Further, the process at step S6 in the flow chart depicted in FIG. 4 in the first and second embodiments may be performed before or within the processes at steps S3 to S5. In particular, the degeneration process of the WAY of the TAG_CP memory 42 in which a UE has occurred by the request controlling unit 44 may be performed before or in parallel to the degeneration process of the WAY of the CPU 3 corresponding to the WAY.

With the technique of the present disclosure, enhancement of the availability of the information processing apparatus can be implemented.

All examples and conditional language provided herein are intended for the pedagogical purposes of aiding the reader in understanding the invention and the concepts contributed by the inventor to further the art, and are not to be construed as limitations to such specifically recited examples and conditions, nor does the organization of such examples in the specification relate to a showing of the superiority and inferiority of the invention.
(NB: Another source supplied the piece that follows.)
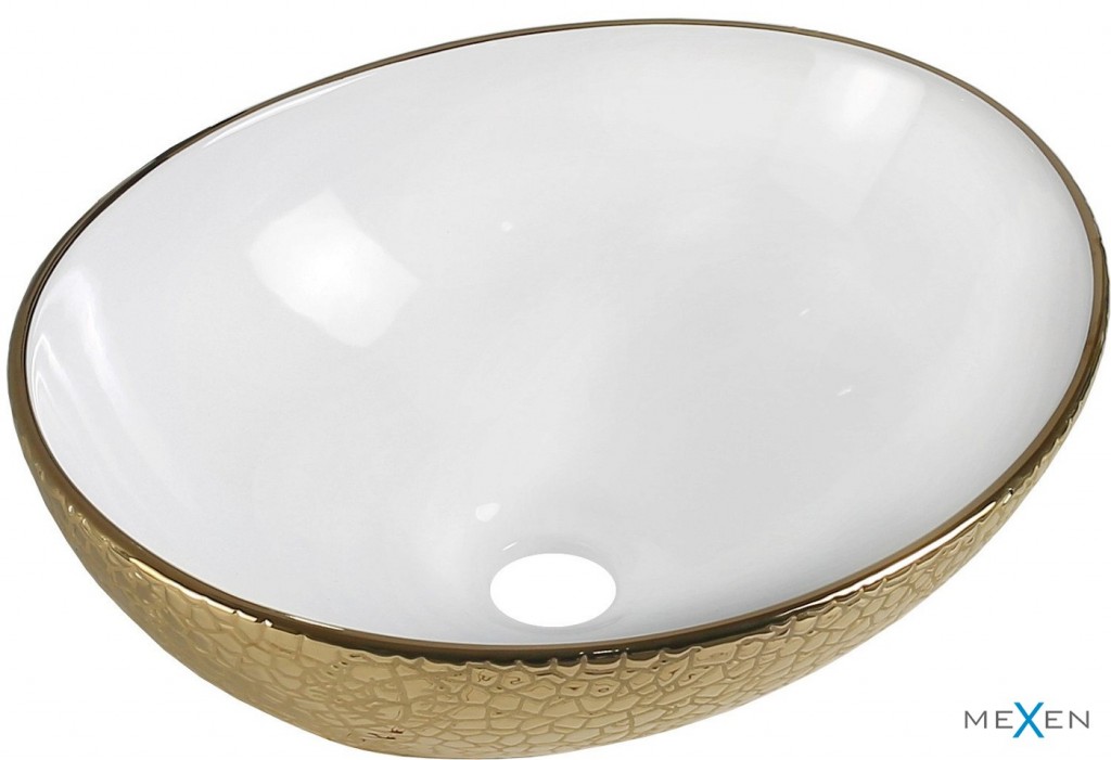 MEXEN - Elza umývadlo na dosku 40 x 33, biela/zlato dekor 21014008
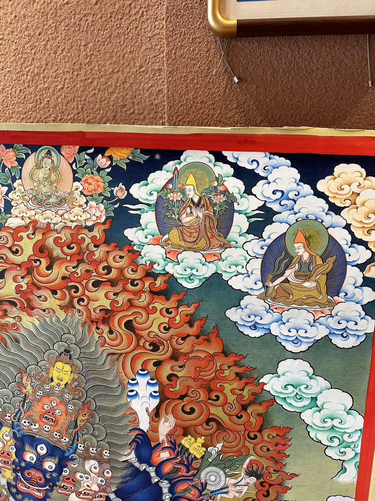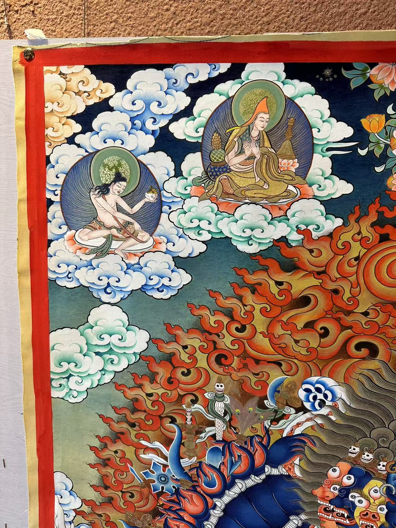 | 唐卡是歷史的瑰寶,現(xiàn)已被例入國家非物質(zhì)文化遺產(chǎn)名錄,得到了高度的重視和保護(hù)。同時(shí)由于顏料的珍稀、繪制周期長(zhǎng)、工藝復(fù)雜大大增強(qiáng)了其珍藏價(jià)值。一幅好的作品可遇不可求,近年來唐卡已成為收藏界炙手可熱的藏品。 | 唐卡的形式便于攜帶,其內(nèi)容體現(xiàn)了藏傳佛教的莊重、神圣、華貴,被稱為“移動(dòng)的佛像”。同時(shí)也是修行者積累善業(yè),追尋心靈的平靜與安寧的一個(gè)過程。 | 唐卡的內(nèi)容包羅萬象,它以圖像的方式承載著藏族文化精髓,是藏族智慧的結(jié)晶,廣泛傳播了藏地的文化、歷史和宗教理論。 | 唐卡絢麗的色彩、流暢的線條、嚴(yán)謹(jǐn)?shù)慕Y(jié)構(gòu),都充滿著濃郁的高原和游牧民族風(fēng)情,無疑是難得的藝術(shù)珍品。值得一提的是唐卡繪制顏料全部為天然礦物顏料,畫面效果艷麗,可以保存千年而不變色。 |

Although one or more embodiments of the present inventions have been described in detail, it should be understood that the various changes, substitutions, and alterations could be made hereto without departing from the spirit and scope of the invention.

Claims

1. An information processing apparatus, comprising:

an arithmetic processing unit including a cache memory and a first tag memory; and
a system controller that performs communication control between the arithmetic processing unit and a different processing apparatus; wherein
the system controller includes:
a command controlling unit that retains a request received from the arithmetic processing unit and re-issues the request when the request is not processed in a requesting destination;
a second tag memory that retains replicated data of data stored in the first tag memory; and
a request controlling unit that issues, when an uncorrectable error (UE) occurs in data read out from the second tag memory, a notification of WAY information of the second tag memory in which the UE has occurred to the arithmetic processing unit, wherein
the arithmetic processing unit degenerates, when the notification of the occurrence of the UE is received from the request controlling unit, a WAY of the first tag memory corresponding to the WAY of the second tag memory in which the UE has occurred and then issues a notification that a degeneration process of the WAY of the first tag memory is completed to the request controlling unit; and
the request controlling unit degenerates, when the UE occurs, the WAY of the second tag memory in which the UE has occurred, and receives the notification that the degeneration process of the first tag memory is completed from the arithmetic processing unit and then issues an instruction for causing the command controlling unit to re-issue a request relating to the UE.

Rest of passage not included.